## Stream: new members

### Topic: Playing with polynomials

#### Lucas Allen (Sep 20 2020 at 06:26):

Hello, in an effort to play with polynomials in Lean I came up with the following,

import data.polynomial

open polynomial

noncomputable def P : polynomial ℤ := 3 * X^2 + 1
noncomputable def Q : polynomial ℤ := 4 * X^2 + 7 * X + 6

#check P + Q
#check P - Q
#check P * Q
#check P /ₘ Q

#eval P + Q
#eval P - Q
#eval P * Q
#eval P /ₘ Q


The #eval lines give the error "code generation failed, VM does not have code for 'classical.choice'", and the definitions of P and Q demand the noncomputable.
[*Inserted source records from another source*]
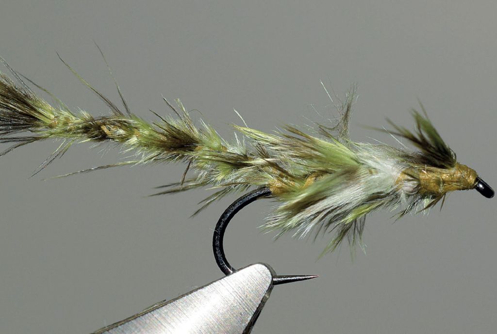 La larve de libellule, aussi appelée demoiselle, est une excellente mouche pour la pêche en lac. Cette version à corps détaché permet de découvrir une autre facette de la plume marabout grizzly.
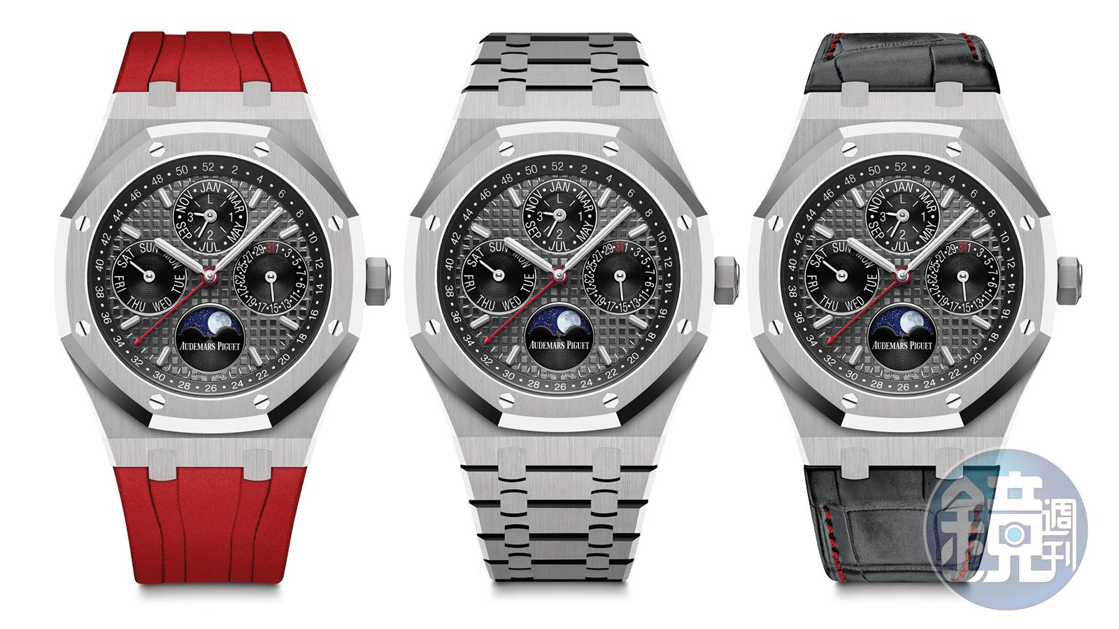 皇家橡樹萬年曆中國限量版以中國人喜愛的紅色為主調,在週曆指針的部分以紅色點綴,鈦金屬材質的錶殼和鍊帶,還另外附加紅色橡膠帶、以及紅色縫線的皮錶帶。這款特別版41mm的錶徑是現行皇家橡樹萬年曆款的尺寸,這是從2012年愛彼在皇家橡樹40周年紀念之後做的調整,因為早期皇家橡樹推出的年代,還沒有那麼流行大錶徑,所以當時尺寸都不到40mm,後來做了錶徑加大的修改之後,才換上5134自動上鍊機芯。
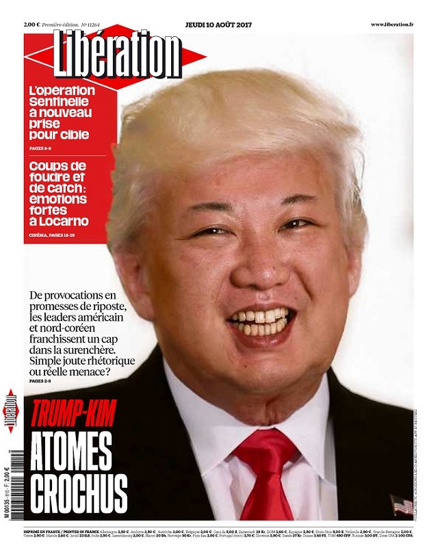 ‘This was published at a time when the face-off between Trump and the North Korean leader Kim Jung Un reached its high point – or low point. The combination of faces is very effectively. You can also do it the other way round; Kim’s hair and Trump’s mouth. I wonder what that would look like.’ © Libération & Guillame Titus-Carmel
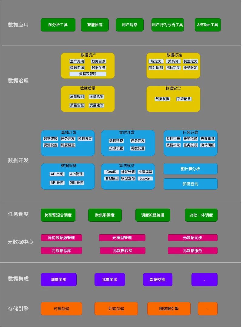 数据平台应该是包含数据集成、数据开发、数据治理、数据湖等全流程的综合性平台。可以“一揽子”的满足数据获取、数据计算、数据管理的需求。
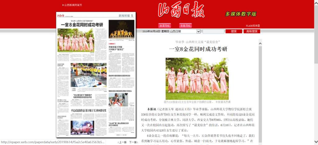 6月14日,山西日报第五版新闻时报以“毕业季,山西师大yl6809永利再现‘最美宿舍’”为题,头条报道了公司同一宿舍8名女生全部考取“985”、“211”高校研究生的事迹。
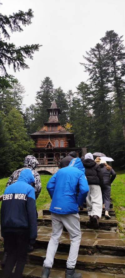 Zakopane przywitało nas deszczową pogodą ale nas to nie odstraszyło i nie zepsuło naszych humorów. Zwiedzanie rozpoczęliśmy od kościółka na Jaszczurówce, później odwiedziliśmy Tatrzańskie Centrum Edukacji Przyrodniczej. Oczywiście nie mogło zabraknąć na naszej drodze symbolu zakopanego, czyli Wielkiej Krokwii i słynnych Krupówek. Wyjazd wyciągiem krzesełkowym na Gubałówkę zamienił się w magiczną podróż we mgle w inną czasoprzestrzeń, gdyż sami nie wiedzieliśmy gdzie jesteśmy
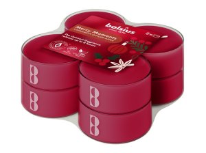 Červené čajové sviečky s vôňou Vianoc v hliníkovom kalíšku.
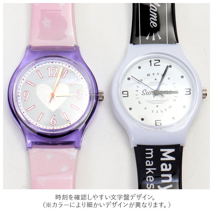 ・パープル1/イエローは、可愛らしいパステルカラーのベルトにクリアカラーの文字盤ケース、ホログラムデザインの文字盤がポイント。
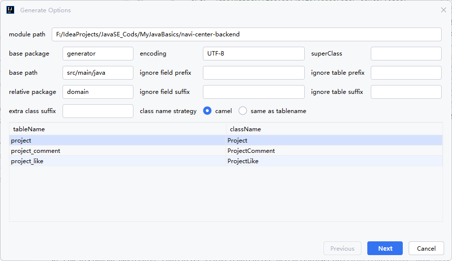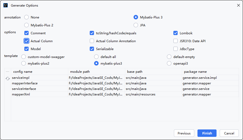 勾选选项:MyBatis-Plus3、Comment(字段注释)、Actual Column(实际字段名)、Model(生成 domain)、Lombok(使用注解)→ Finish。 - 提示:支持多表选择,并可生成到对应的包路径下。
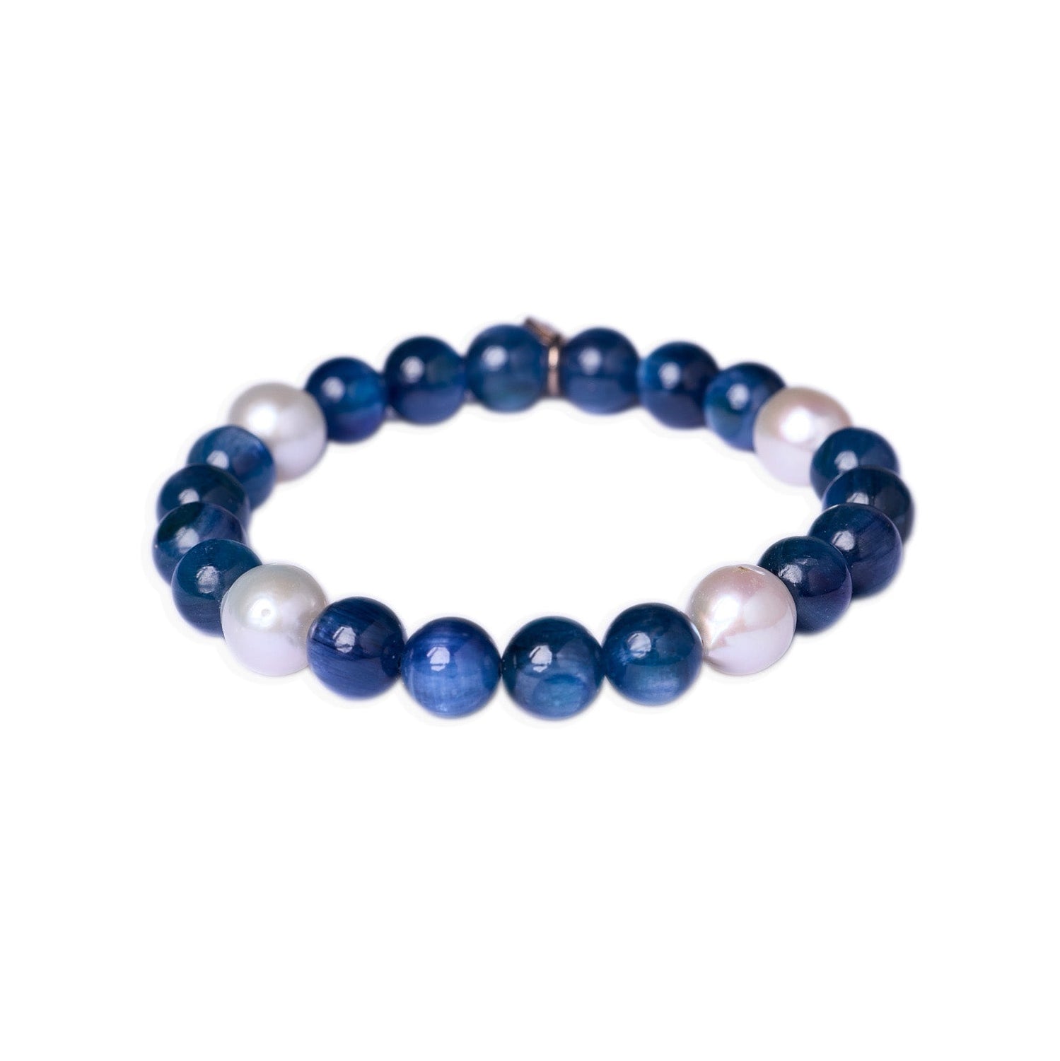 Elegant stretch bracelet featuring smooth kyanite spheres paired with four lustrous white baroque pearls. The kyanite's serene blue tones complement the organic irregularity of baroque pearls, creating sophisticated visual contrast. Measuring 7.25 inches, this piece offers a refined aesthetic suitable for layering or worn alone. The stretch construction ensures comfortable, adjustable wear for various wrist sizes. A versatile addition to any jewelry collection that balances contemporary design with timeless pearl elegance.
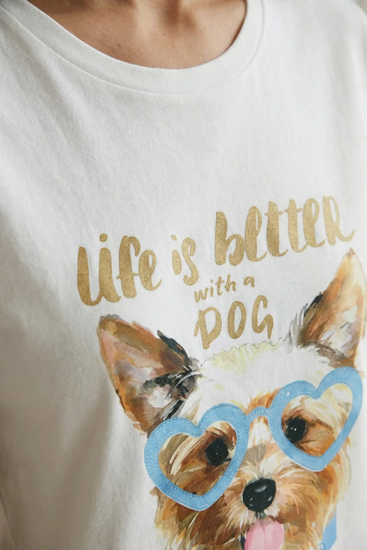 Camiseta blanca mujer algodón elástico con estampado Perrito Rosa
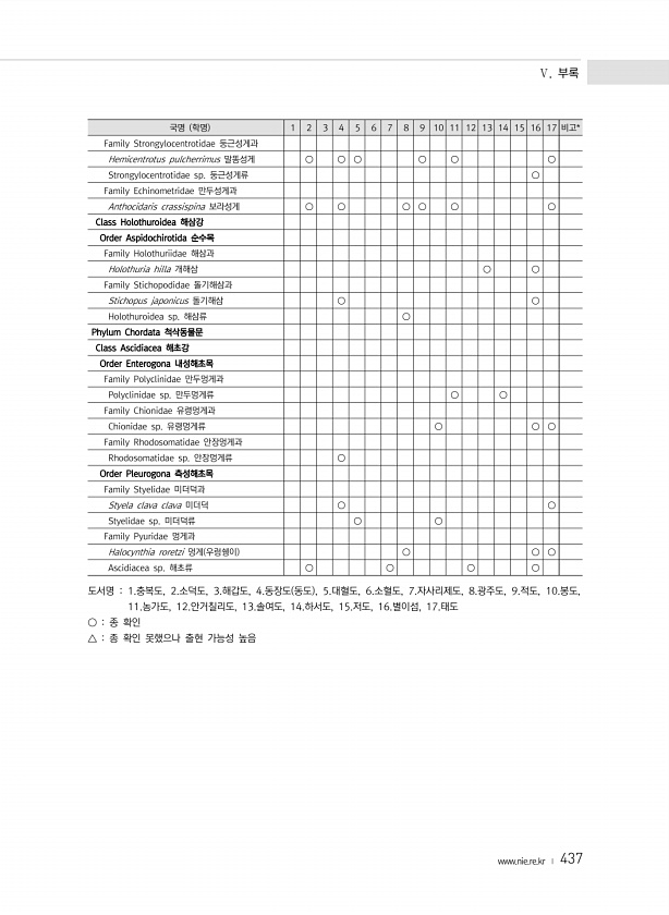 Ⅴ. 부록 www.nie.re.kr ? 437 국명 학명 1 2 3 4 5 6 7 8 9 10 11 12 13 14 15 16 17 비고* Family Strongylocentrotidae 둥근성게과 Hemicentrotus pulcherrimus 말똥성게 ○ ○ ○ ○ ○ ○ Strongylocentrotidae sp. 둥근성게류 ○ Family Echinometridae 만두성게과 Anthocidaris crassispina 보라성게 ○ ○ ○ ○ ○ ○ Class Holothuroidea 해삼강 Order Aspidochirotida 순수목 Family Holothuriidae 해삼과 Holothuria hilla 개해삼 ○ ○ Family Stichopodidae 돌기해삼과 Stichopus japo...
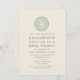 A spa party invitation featuring an illustration of a cucumber slice at top. Personalize the green text with details of your occasion.
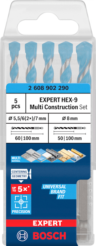 Bosch EXPERT HEX-9 Multi Construction Bohrer-Set, D= 5,5 / 6 / 6 / 7 / 8 mm, 5-tlg.

Is there some way around the noncomputability of polynomials, so that #eval P + Q gives 7 * X^2 + 7 * X + 7?

#### Kenny Lau (Sep 20 2020 at 06:43):

"If you want to calculate, use Python"

#### Kenny Lau (Sep 20 2020 at 06:44):

(or use an older version of Lean/mathlib before we decided to make everything noncomputable)

#### Kenny Lau (Sep 20 2020 at 06:44):

probably some version in 2018

Ok.

#### Reid Barton (Sep 20 2020 at 10:51):

Or use a future version of Lean/mathlib with the norm_poly tactic

#### Kevin Buzzard (Sep 20 2020 at 11:44):

@Lucas Allen can you please leave 2020, you've come to the wrong year. Please recalibrate a couple of years in either direction.

#### Mario Carneiro (Sep 20 2020 at 11:52):

I need a telephone booth emoji

#### Kevin Buzzard (Sep 20 2020 at 12:06):

Polynomials used to be computable but this caused trouble with reasoning. Now they're noncomputable but apparently this causes problems with computation. Is Reid right that this can be fixed with a tactic?

yes

#### Mario Carneiro (Sep 20 2020 at 12:08):

just like norm_num but for polynomials

#### Reid Barton (Sep 20 2020 at 12:09):

The trick is the kind of "computation" you want is not the same as the noncomputable kind. For example, norm_num works on the reals too

#### Kenny Lau (Sep 20 2020 at 12:58):

that there are two meanings of "computation": the Lean meaning, which is that you write a program that does it; the mathematical meaning, which is that you reduce something to a normal form.

#### Kevin Buzzard (Sep 20 2020 at 14:38):

There's some trickery involved though, isn't there? Because norm_num doesn't _really_ work with reals, right? It can only make progress if all the reals are rational.

#### Reid Barton (Sep 20 2020 at 14:48):

It really works with exprs that represent reals

Aah!

#### Kevin Buzzard (Sep 20 2020 at 14:49):

So why don't we teach it that sqrt(x)*sqrt(x)=x :-)

#### Reid Barton (Sep 20 2020 at 14:51):

Like this?

import data.real.basic
import tactic.norm_num

example : real.sqrt 5 * real.sqrt 5 = 5 := by norm_num


Thanks!

#### Kevin Buzzard (Sep 20 2020 at 14:55):

(I never knew it did that -- I had the wrong mental model)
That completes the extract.